RAW DATA>
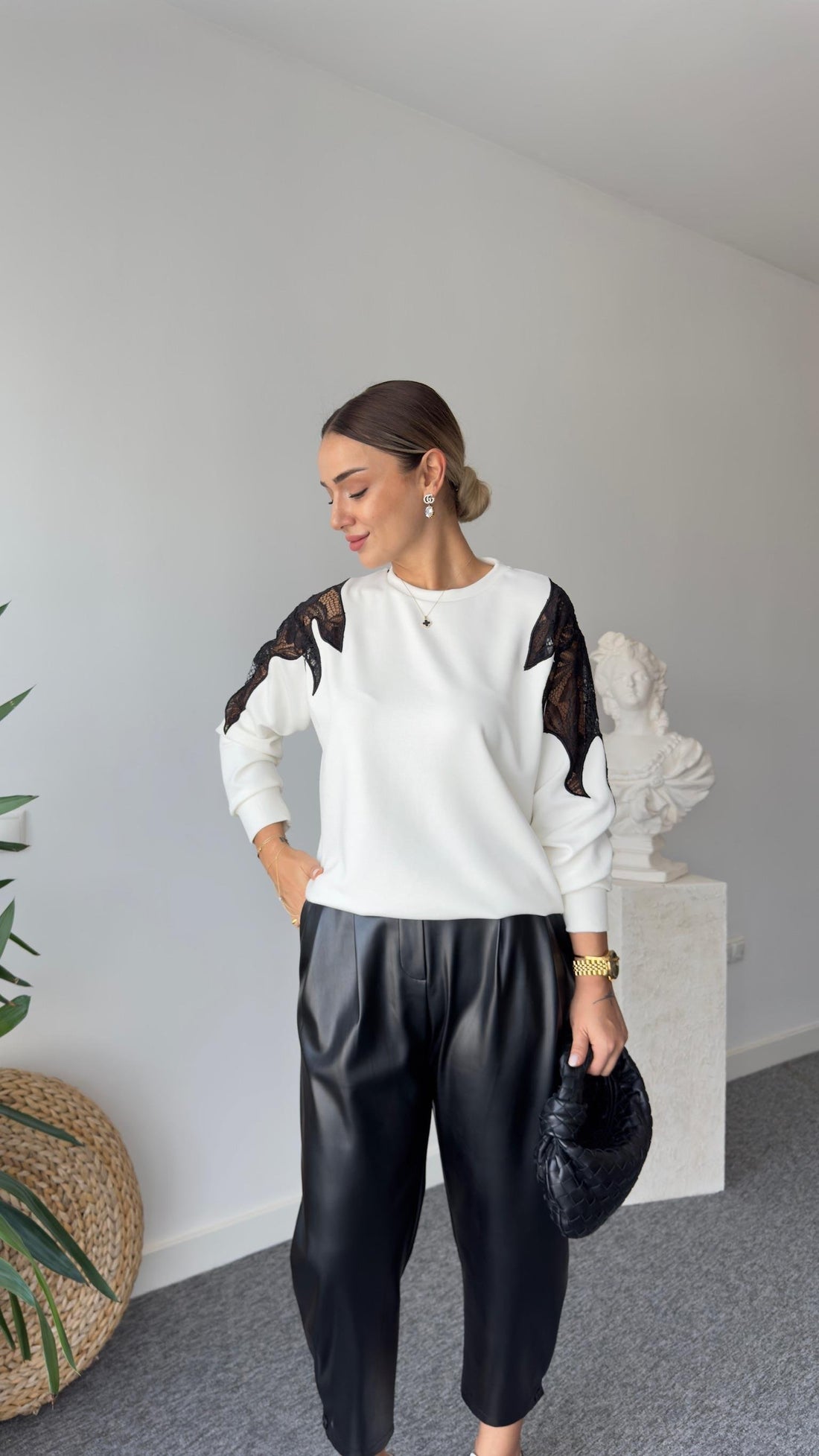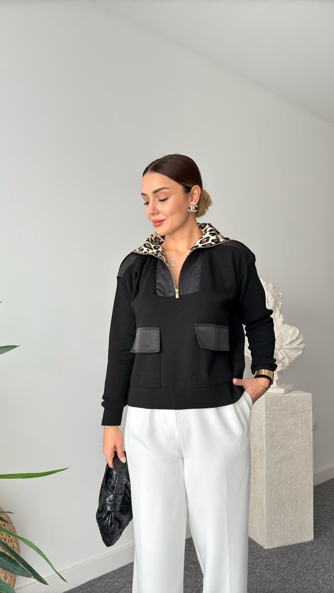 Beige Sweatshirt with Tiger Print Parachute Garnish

* * *

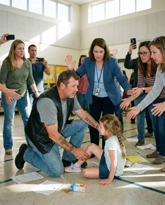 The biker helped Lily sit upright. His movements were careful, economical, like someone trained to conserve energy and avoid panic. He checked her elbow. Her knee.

* * *

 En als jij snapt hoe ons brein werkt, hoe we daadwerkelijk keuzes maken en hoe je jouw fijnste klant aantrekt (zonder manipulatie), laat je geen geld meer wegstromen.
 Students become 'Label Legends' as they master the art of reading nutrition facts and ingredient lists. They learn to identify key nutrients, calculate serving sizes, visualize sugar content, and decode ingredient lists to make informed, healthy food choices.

WHAT IS BEING ASKED>
Can you repeat, word for word, every line above from the one containing "En als jij snapt" down to the one containing "Students become 'Label", including both?

SOLUTION TO THE EXERCISE>
 En als jij snapt hoe ons brein werkt, hoe we daadwerkelijk keuzes maken en hoe je jouw fijnste klant aantrekt (zonder manipulatie), laat je geen geld meer wegstromen.
 Students become 'Label Legends' as they master the art of reading nutrition facts and ingredient lists. They learn to identify key nutrients, calculate serving sizes, visualize sugar content, and decode ingredient lists to make informed, healthy food choices.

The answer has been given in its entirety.